## Task details
Copy the records below line by line and word for word, from the very first line through the line with "(¬٣) وأخرج المؤرِّخ", omitting each picture.

## Supplied records
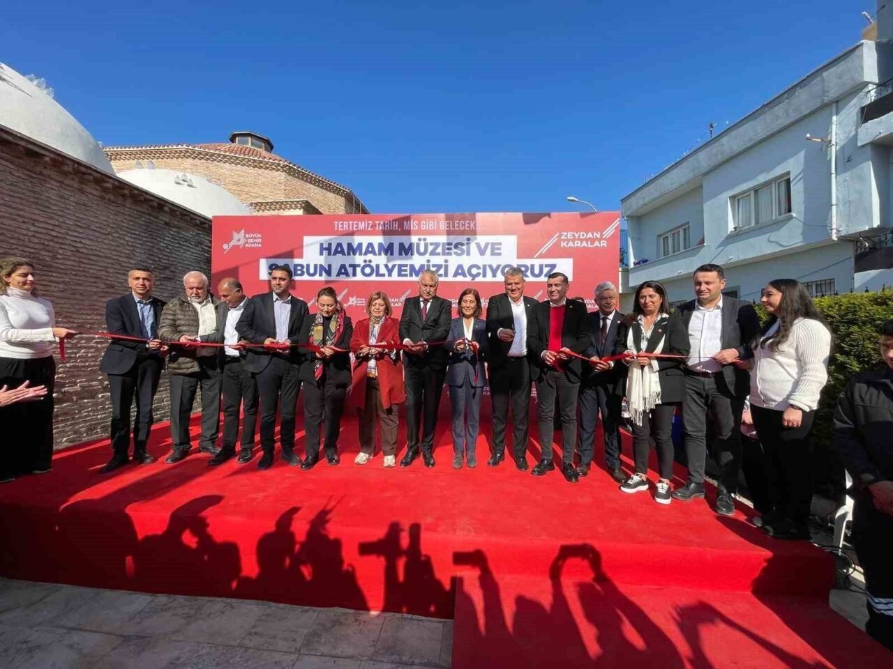 Adana Büyükşehir Belediyesi Seyhan İlçesi Sarıyakup Mahallesi’nde Hamam Müzesi ve Sabun Atölyesi ile yine Seyhan İlçesi Bey Mahallesi’nde mahalle merkezinin açılışları yoğun katılım coşkuyla yapıldı. Açılışlara Başkan Zeydan Karalar’la birlikte, eşi Nuray Karalar, ilçe belediye başkanları, Adana milletvekilleri, siyasiler, muhtarlar ve Adanalılar katıldı.
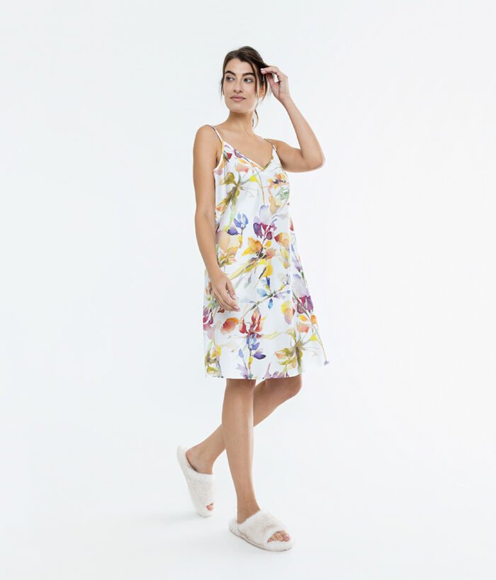 Šie naktinukai pasiūti iš įstrižai kirpto medvilnės satino – tai suteikia audiniui tamprumo, leidžiančio maloniai priglusti prie kūno. Elegantiška V formos iškirptė ir laisvesnis modelis užtikrina komfortą dėvėjimo ir miego metu, o reguliuojamos petnešėlės leidžia idealiai pritaikyti naktinių ilgį.
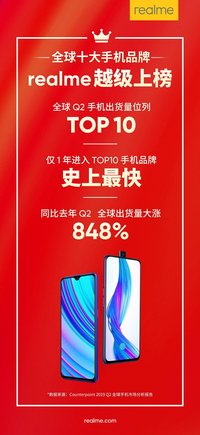 项森 · 2019-08-01 10:03 - 史上最快!Realme仅1年进入全球十大手机品牌
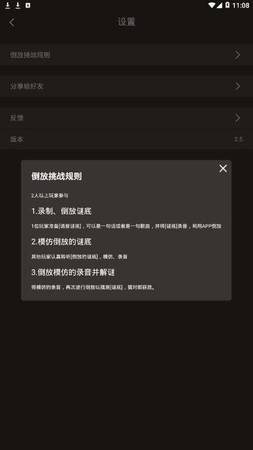 这款软件特别适合朋友聚会时活跃气氛,情侣间也可以做到访游戏,让两个人的感情更加甜蜜,不管你是普通说话还是唱歌,软甲都可以将它一键倒放,还可以说最近的网络流行语,来让对方猜,如果不好猜的话,可以调节速度,玩起来十分的有趣。
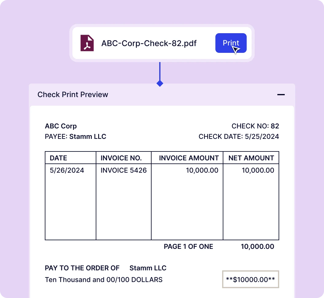 We support ACH payments through any US bank, on-premise check printing with digital signatures, outsourced check processing, and international payments via IACH and wire transfers to 200+ countries—all from one unified platform.
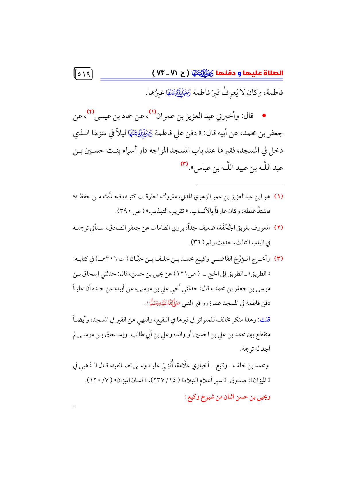 (¬٣) وأخرج المؤرِّخ القاضي وكيع محمد بن خلف بن حيَّان (ت ٣٠٦ هـ) في كتابه: ... «الطريق» ـ الطريق إلى الحج ـ (ص ١٢١) عن يحيى بن حسن، قال: حدثني إسحاق بن موسى بن جعفر بن محمد، قال: حدثني أخي علي بن موسى، عن أبيه، عن جده أن علياً دفن فاطمة في المسجد عند زور قبر النبي - صلى الله عليه وسلم -».
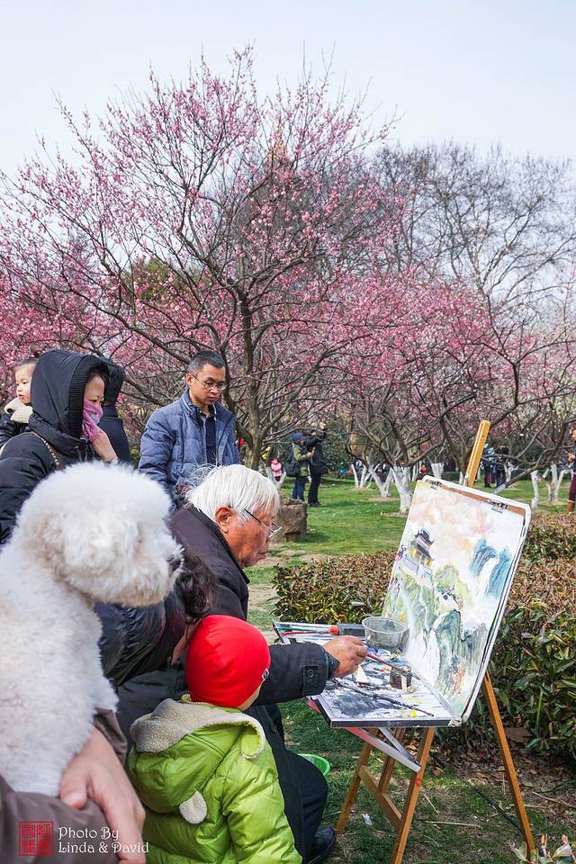 春日美景,自然也吸引了文人墨客前来挥洒泼墨,老先生在作画引来了游客的围观,只有贵宾小朋友表示木有兴趣,哪里有好吃的?
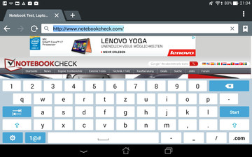 In the synthetic benchmarks, the Asus tablet is certainly one of the fastest tablets and even sets new records within the comparison in PassMark and Epic Citadel. Compared to the predecessor Memo Pad HD 7, the review unit is significantly faster. The HP Slate 8 Pro 7600eg and the LG G Pad 8.3 are a bit faster in total.
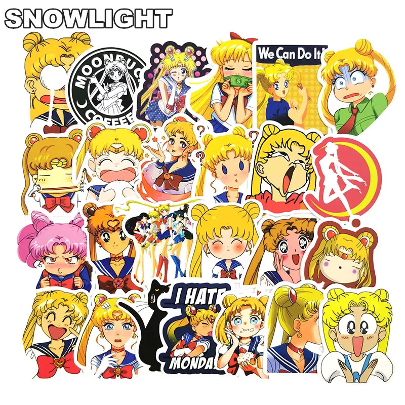 10 Вт, 30 Вт, 50 шт./упак. с рисунком из аниме «Сейлор Мун» стикер, цветовой стикер карикатуры, для катания на скейтборде для ноутбука чемодан наклейки Косплей АксессуарыUSD 1,78/Шт/Лот 1
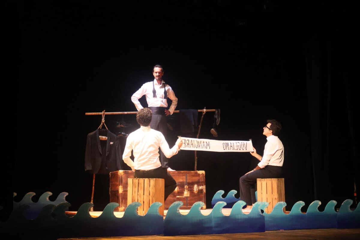 Gianfelice Imparato ne cura la regia, Giuseppe Borrelli, Luigi Credendino, Cristian Izzo, Renato Marrazzo, Arturo Antonio Ruggiero reggono il palcoscenico per tutta la durata della pièce, confinati su una zattera di legno in un mare immobile e indifferente alla tragedia che sta avvenendo su quelle tavole.

## Response to the task
 Adana Büyükşehir Belediyesi Seyhan İlçesi Sarıyakup Mahallesi’nde Hamam Müzesi ve Sabun Atölyesi ile yine Seyhan İlçesi Bey Mahallesi’nde mahalle merkezinin açılışları yoğun katılım coşkuyla yapıldı. Açılışlara Başkan Zeydan Karalar’la birlikte, eşi Nuray Karalar, ilçe belediye başkanları, Adana milletvekilleri, siyasiler, muhtarlar ve Adanalılar katıldı.
 Šie naktinukai pasiūti iš įstrižai kirpto medvilnės satino – tai suteikia audiniui tamprumo, leidžiančio maloniai priglusti prie kūno. Elegantiška V formos iškirptė ir laisvesnis modelis užtikrina komfortą dėvėjimo ir miego metu, o reguliuojamos petnešėlės leidžia idealiai pritaikyti naktinių ilgį.
 项森 · 2019-08-01 10:03 - 史上最快!Realme仅1年进入全球十大手机品牌
 这款软件特别适合朋友聚会时活跃气氛,情侣间也可以做到访游戏,让两个人的感情更加甜蜜,不管你是普通说话还是唱歌,软甲都可以将它一键倒放,还可以说最近的网络流行语,来让对方猜,如果不好猜的话,可以调节速度,玩起来十分的有趣。
 We support ACH payments through any US bank, on-premise check printing with digital signatures, outsourced check processing, and international payments via IACH and wire transfers to 200+ countries—all from one unified platform.
 (¬٣) وأخرج المؤرِّخ القاضي وكيع محمد بن خلف بن حيَّان (ت ٣٠٦ هـ) في كتابه: ... «الطريق» ـ الطريق إلى الحج ـ (ص ١٢١) عن يحيى بن حسن، قال: حدثني إسحاق بن موسى بن جعفر بن محمد، قال: حدثني أخي علي بن موسى، عن أبيه، عن جده أن علياً دفن فاطمة في المسجد عند زور قبر النبي - صلى الله عليه وسلم -».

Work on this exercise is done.